DATA TO PROCESS Block Start

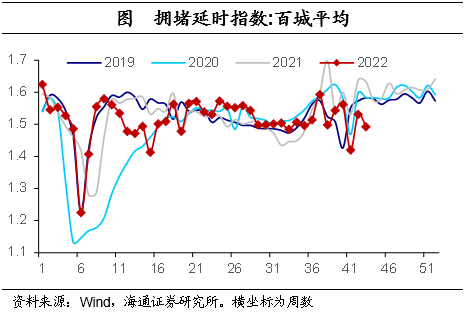 交通:城市内客运较前一周受阻,拥堵延时指数、地铁客运指数均较前一周回落。城市间客运继续回落,全国迁徙指数继续走低,一线城市间交通均走弱,国内航班取消率仍在回升。货运小幅回落,货运流量指数和运价均回落,不过高速关停服务区数量较前一周略有减少。
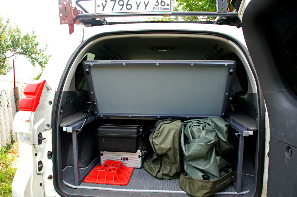 Я так понимаю, что обустройства спальником — это скоре усовершенствование багажного отсека и спального места. Когда много походный вещей. Я пока выхожу из положения таким способом- на крышу капсулу 500 лит., а в багажник надувной матрац туристический ( толщина 10-15 см. Спать шикарно. Пол в Прадике 150 ровный.Третий ряд в полу. Седушки 2го откинул и все дела. Но это поездки на пару дней:)))
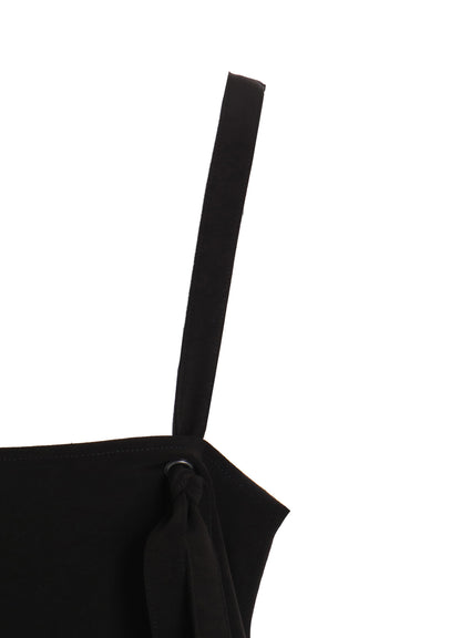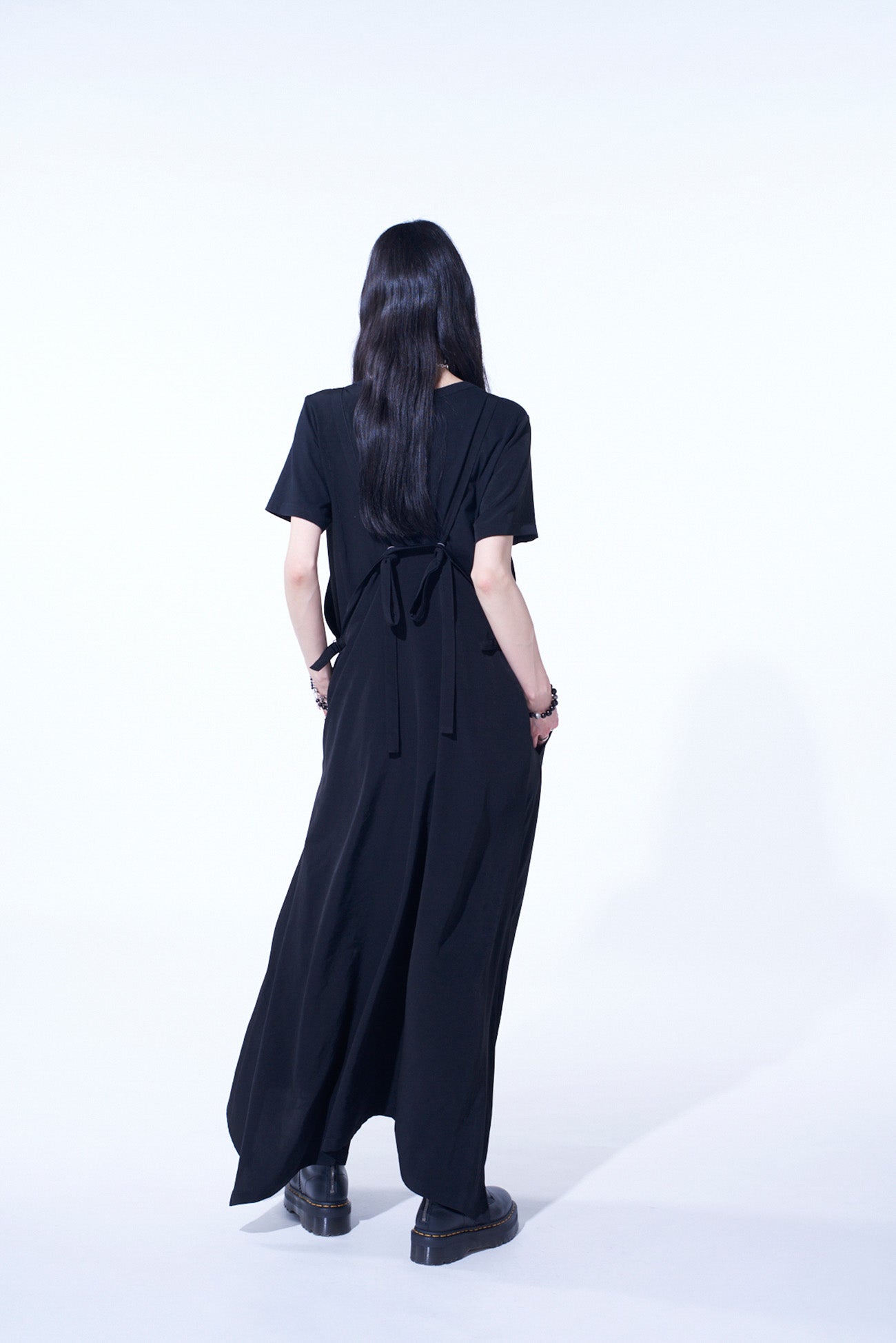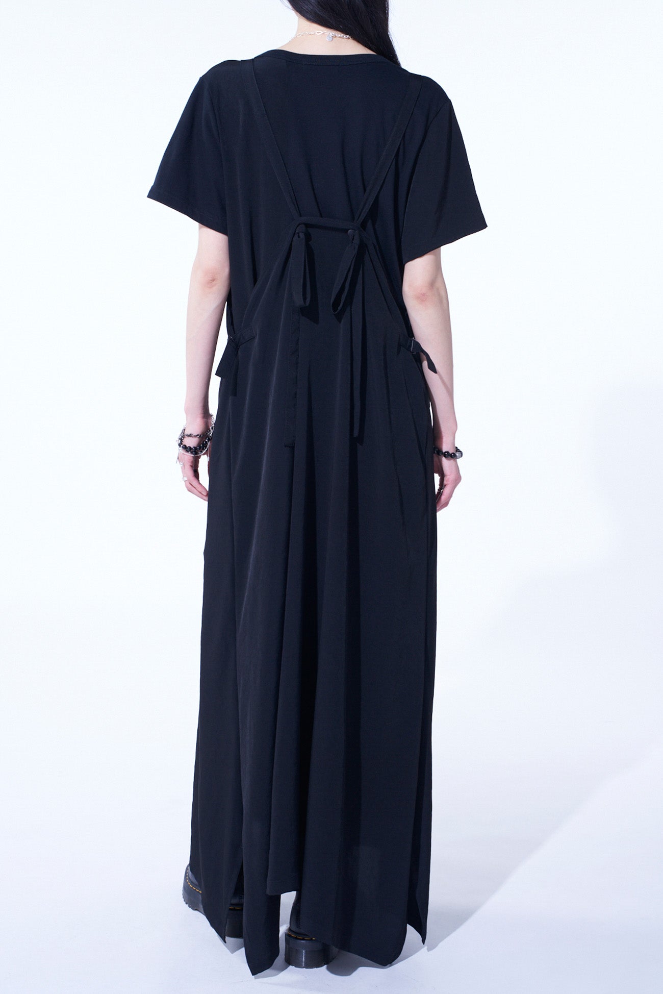 This salopette skirt captivates with its light and variable silhouette, glossy sheen, and airy comfort. Originally a casual workwear piece, it’s transformed with dressy material to fit a modern mode. Its adjustable straps and pockets offer practical convenience, making it functional like no other dress.
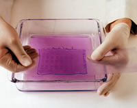 l 薄薄的塑料片易于滑進(jìn)凝膠下面,進(jìn)而托起 gel support
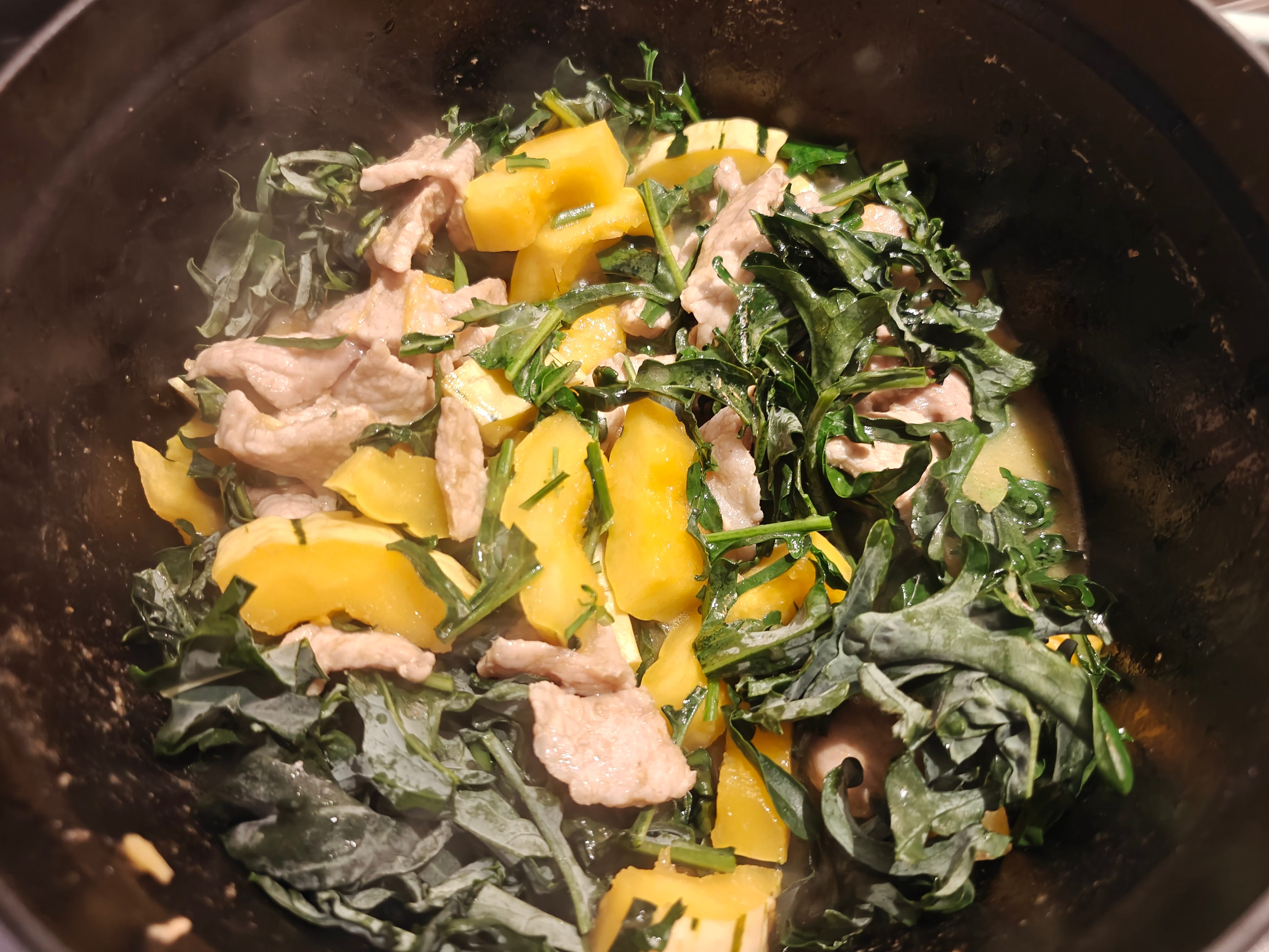 You could use mushrooms as your flavour base instead of the chicken or pork; you could include slices of firm tofu, or corn kernels cut from the cob; and of course if you have any washed chopped greens (for example radish greens, spinach, arugula, spigarello) you could toss them partway through (spinach needs little time, spigarello needs a good fifteen minutes).
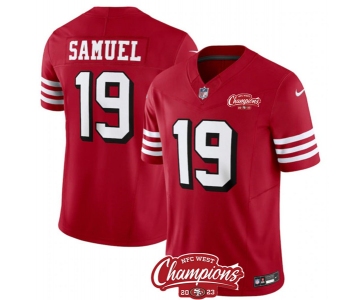 Men's San Francisco 49ers #19 Deebo Samuel Red 2023 F.U.S.E. NFC West Champions Patch Alternate Football Stitched Jersey
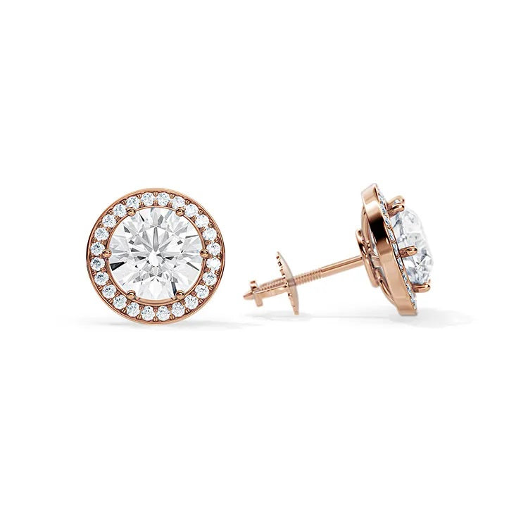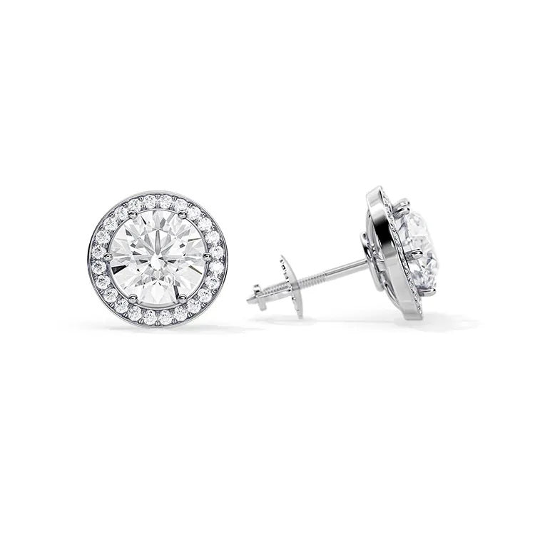 Elegant Styled Moissanite Round Halo Earrings for everyday use.
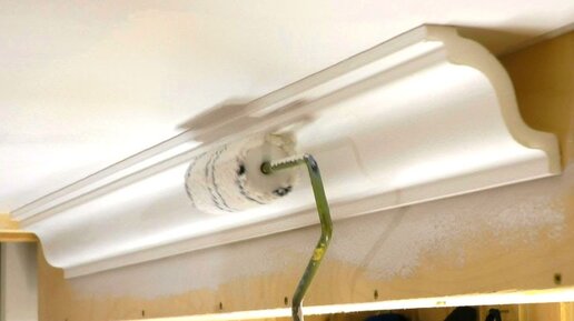 Красим тканевый натяжной потолок, клеим потолочный плинтус, эмитируем затопление, мараем и отмываем
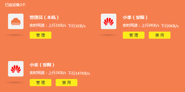 答:在路由器界面的 设备管理 中,点击各终端设备的 管理,点击 取消限速 即可。
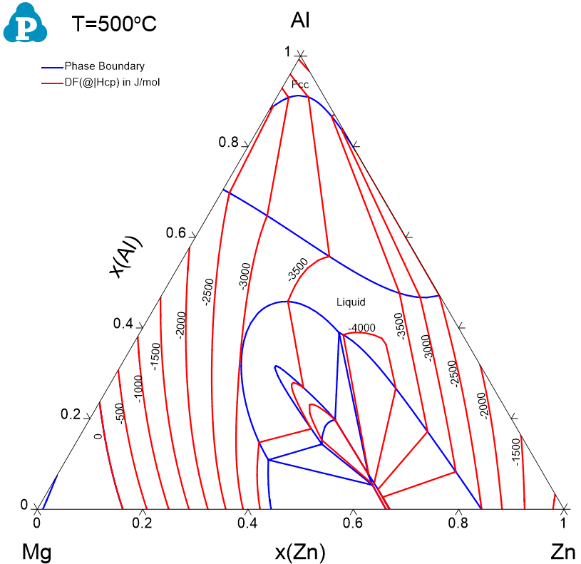 Contour diagram is also useful in viewing the stability of a phase comparing to the equilibrium state. The contour type is defined as DF(@|Hcp) as shown in Figure 3.49 (see Table 11.4 in Section Pandat Table Format Syntax for the definition of DF). Since Hcp phase may not be stable in all the phase regions in this isothermal section, in between “@” and “Hcp” a vertical bar symbol “|” is added to specify that the phase Hcp is in the “entered” status. Figure 3.50 shows the driving force contour lines of the Hcp phase in the Al-Mg-Zn system at 500°C. We see that Hcp phase has less driving force to be stable in the central region of the compositional triangle.

DATA TO PROCESS Block End

- TASK STATEMENT
A clean copy is needed of the lines above from the one with "This salopette skirt" up to and including the one with "l 薄薄的塑料片易于滑進(jìn)凝膠下面,進(jìn)而托起 gel support". Please set it down exactly, with no pictures.

- SOLUTION TO THIS TASK
 This salopette skirt captivates with its light and variable silhouette, glossy sheen, and airy comfort. Originally a casual workwear piece, it’s transformed with dressy material to fit a modern mode. Its adjustable straps and pockets offer practical convenience, making it functional like no other dress.
 l 薄薄的塑料片易于滑進(jìn)凝膠下面,進(jìn)而托起 gel support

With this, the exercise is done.